While apprenticeships are not a new concept, the introduction of the Apprenticeship Levy in 2017 was meant to encourage more employers to offer them, creating a mainstream alternative route into employment.

Unfortunately, the scheme is off to a faltering start, with research showing a decline in the number of apprentices recruited – even among employers who pay the levy.

However, all is not lost. Following five years of success with its own apprenticeship scheme, Zurich has joined the ranks of several ‘Trailblazer’ companies helping to develop new apprenticeship standards. These ‘Trailblazer’ employers have implemented the new standards for their sectors, and are moving quickly to show how the new system works in practice.

Addressing skills shortages

One of the main benefits has been in addressing skills gaps. There are many sectors in the UK that have great difficulty recruiting to address the ‘brain drain’ that occurs when older generations retire. For instance, the oil and gas sector and the financial advice sector are really struggling with the challenges of an ageing workforce.

Insurance is another sector where this proves problematic. But Zurich has found that apprenticeships can help.

The insurance company set up a programme comprising of an apprenticeship, summer internship and graduate programme, to attract new talent and address specific skills shortages in the organisation.

The scheme covers four key elements:

  • · Insurance – underwriting, claims, operations etc.
  • · Actuarial – pricing, reserving and risk
  • · Finance – supporting completion and reporting of the financial results
  • · Compliance – responsibility for meeting the customer and regulatory obligations

Once apprentices are recruited they go through supported and intensive training.

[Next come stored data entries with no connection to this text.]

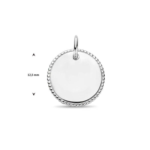 Zilveren gerhodineerde graveerhanger rond met versierde ribbel rand.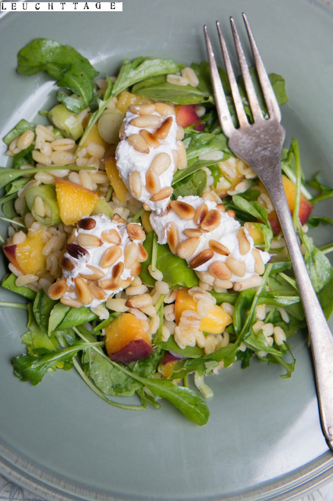 Lauchzwiebel und Pfirsiche unter den Salat heben.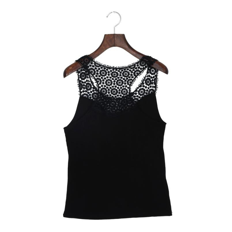 2016 Fashion T-shirt Women Sleeveless Lace Knitting T Shirt Women Tops Black White Shirts Camiseta Mujer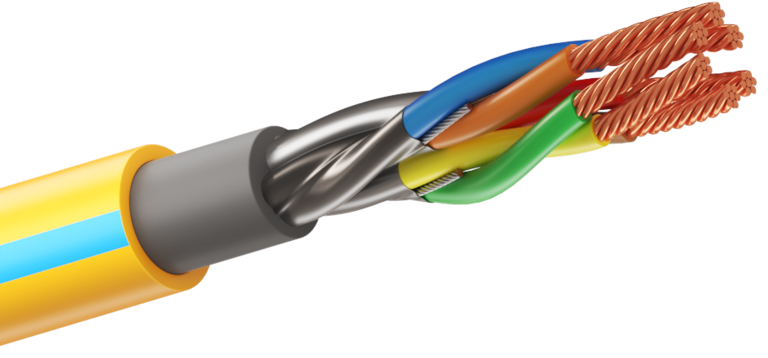 Технические характеристики (краткие) Класс медных токопроводящих жил (по ГОСТ 22483): однопроволочные – 1 класс, многопроволочные «мж» – 3 или 4 класс, кабелей повышенной гибкости «Г» – 5 класс Номинальное сечение токопроводящей жилы: 0,12 мм²; 0,20 мм²; 0,35 мм²; 0,5 мм²; 0,75 мм²; 1,00 мм²; 1,5 мм²; 2,5 мм² Токопроводящие жилы скручены в пары с целью снижения влияния электромагнитных помех. Диапазон применения от –70°С до +250°C Минимальная температура эксплуатации кабелей: –70°С кабели исполнения «ЭХЛ» –60°С кабели исполнения «ХЛ» –50°С кабели обычного исполнения Максимальная температура эксплуатации кабелей: +250°С оболочка и изоляция из высокотемпературной композиции «Y-250» +220°С оболочка и изоляция из фторопласта «Ф» +150°С оболочка и изоляция из термопластичного эластомера повышенной теплостойкости «Т-150» +120°С оболочка и изоляция из термопластичного эластомера «Т» или полиуретана «У» +75°С все остальные кабели Минимальная температура монтажа, не ниже: не ниже минус (20±2) °С – с индексом нг(А)-LS, нг(А)-LSLTx не ниже минус (35±2) °С – с обозначением «ХЛ» не ниже минус (15±2) °С – для остальных типов кабелей Климатическое исполнение В, категория размещения 1-5 (по ГОСТ 15150). Возможно применение во всех макроклиматических районах, включая тропики. Кабели в исполнении «з» – для применения во взрывоопасных зонах – имеют круглую форму и подложку (специальное заполнение), полученную методом экструзии, препятствующую свободному распространению газов под оболочкой. Сопротивление жил постоянному току соответствует ГОСТ 22483 Номинальное напряжение: до ≈380В частотой до 125 кГц Электрическое сопротивление изоляции при температуре t = +20°C, не менее: ПВХ, кремнийорганическая резина, полиуретан, термопластичный эластомер – 100 МОм•км полимерная композиция, не содержащая галогенов – 12 МОм•км высокотемпературная композиция, фторопласт – 250 МОм•км Испытание напряжением в течение 1 мин: между жилами ≈2500В 50Гц между всеми жилами и экраном ≈3000В 50Гц Кабели огнестойкие, сохраняют работоспособность в условиях пожара не менее 180 минут (ПО1 по ГОСТ 31565-2012). Огнестойкость достигается применением слюдосодержащих лент или кремнийорганической резины «Р». Кабели с низкой токсичностью продуктов горения «LTx» – самые пожаробезопасные Значение радиуса изгиба (D – наружный диаметр кабеля): 6D – для небронированных кабелей 12D – для бронированных кабелей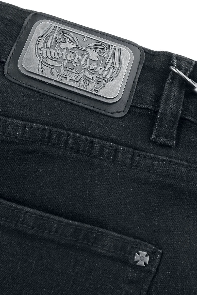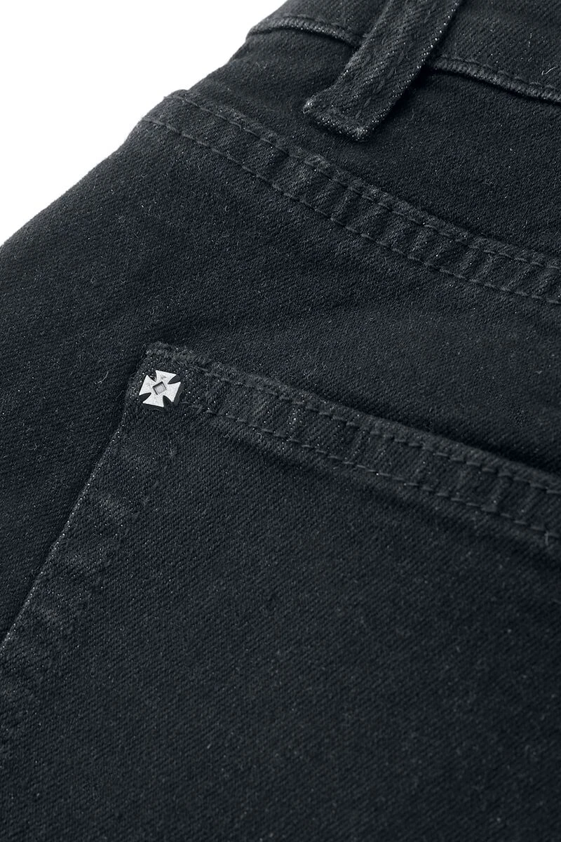 – Faux-leather patch with metal appliqué on the back hem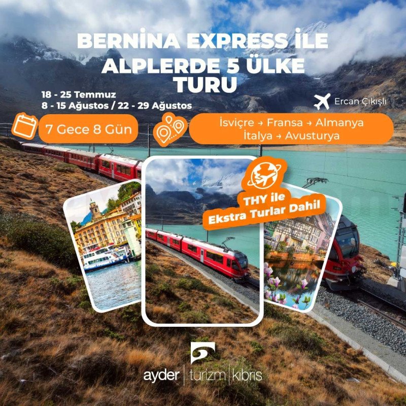 Ayder Turizm Kıbrıs tarafından düzenlenen Alplerde 5 Ülke Turu, 18-25 Temmuz, 8-15 Ağustos ve 22-29 Ağustos tarihlerinde 7 gece 8 gün olarak planlanmıştır. Program, İsviçre, Fransa, Almanya, İtalya ve Avusturya’yı kapsayan geniş bir Avrupa rotası sunar.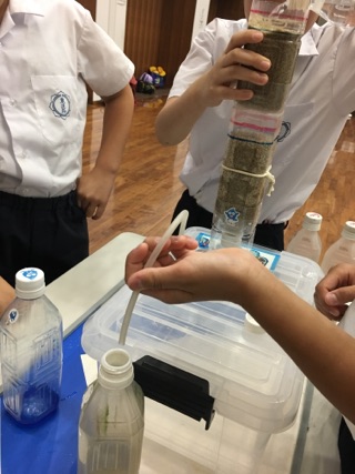 館内でも、淀川の水をきれいにする過程がわかりやすくまとめられたDVDを見たり、淀川の水から汚れや匂いを取る実験をしたり、楽しみながら知識を得ることができました。

Typically, they will have assessment-based learning delivered by webinars, face-to-face training, sessions with their apprenticeship coach and the ability to share knowledge with their peers.

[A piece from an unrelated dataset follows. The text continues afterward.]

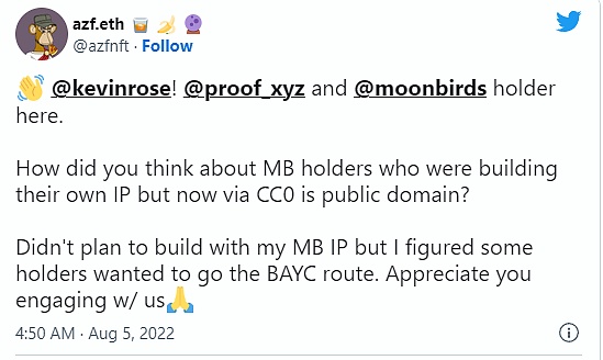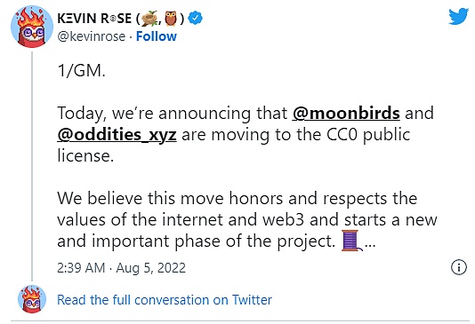 毋庸置疑,并非所有NFT持有者都感到高兴。一些人抱怨说,一旦Moonbirds宣布切换到CC0,他们不得不退出许可协议,因为他们不再拥有许可艺术品的专有权。

The training is made up of 10% learning and 20% participating. Participation involves interactions with an apprentice coach, line manager and mentor. The final 70% is applying the knowledge to the job at hand, which helps that knowledge stick.

This system allows individuals to receive all the training and support they need, meaning Zurich can prepare properly and create a workforce that is futureproofed against skills gaps.

Alison Maskell, UK Early Careers Manager at Zurich, explains: “It provides a great opportunity to fill the future needs of the business and create a fantastic pipeline.”

Diversifying the workforce

Another benefit for Zurich is that the apprenticeship scheme has helped diversify the workforce.

Although there are many routes into the organisation, one of the major strengths of the programme is that it encourages more young people into a career that they might not otherwise have considered. After all, plenty of people want to be ballerinas or astronauts when they grow up, but far fewer will even know what an insurance adjuster is – let alone how to get on the career ladder.

Alison Maskell, UK Early Careers Manager at Zurich, explains: “Typically, younger people are not aware how vibrant, diverse and interesting a career in insurance can be. So with apprenticeships, companies like Zurich are able to reach a broader demographic than they would have previously been able to.”

It also helps young people find their niche within the organisation. She adds. “[Apprentices] may also have a natural propensity for a certain area within the business that they may otherwise have been unaware of.”

It doesn’t just help set new recruits on the right path, either, but can have knock on effects throughout the organisations as existing and new members of staff share their knowledge.

Better employee retention

As apprentices tend to be loyal to their employers, an added bonus can be an improvement in employee retention. However, to make this work, companies must ensure that there are good career progression opportunities for their apprentices.

At Zurich, apprentices can now progress to a level that was previously only attainable by going to university. Maskell explains:  “There is going to be a link for the level 4 actuarial standard apprenticeship, and if the organisation is able to support them, they can move on to level 7 and become fully qualified actuaries. Which has been unattainable outside of having a degree.”

Zurich also support apprenticeship degrees and degree level apprenticeships. Apprentices need to be committed in all capacities, as they have to balance their everyday workload as well as their studies. The outcome for them will be attaining qualifications that are relevant to the career path they have chosen.

“While I am not taking away anything from university, apprenticeships offer a different path that compliments different skillsets.” Maskell adds.

Once apprenticeships have completed their programme with Zurich, they are given the opportunity to become a permanent employee.

Getting management buy in

The strength of Zurich’s apprenticeship programme lies in the fact that the senior management fully support it. The UK Head of Commercial Insurance, Vincio Cellerini began his career as an apprentice and says that it provided him with a “structured and well-framed environment”.

Now he’s in a senior position within the company, Cellerini values feedback from the new crops of apprentices. He has regular catch-ups where they ‘mentor’ him on what the world is like now and give a fresh perspective on how the company is viewed.

Having first-hand experience of the value apprentices can bring to a business, Zurich are urging other organisations to take advantage of the apprenticeship levy.

As Maskell says: “Organisations need to look to the future rather than immediate requirements. Particularly for larger organisations you need to set your strategy to develop a pipeline to replace the older workforce who will be retiring and moving on.”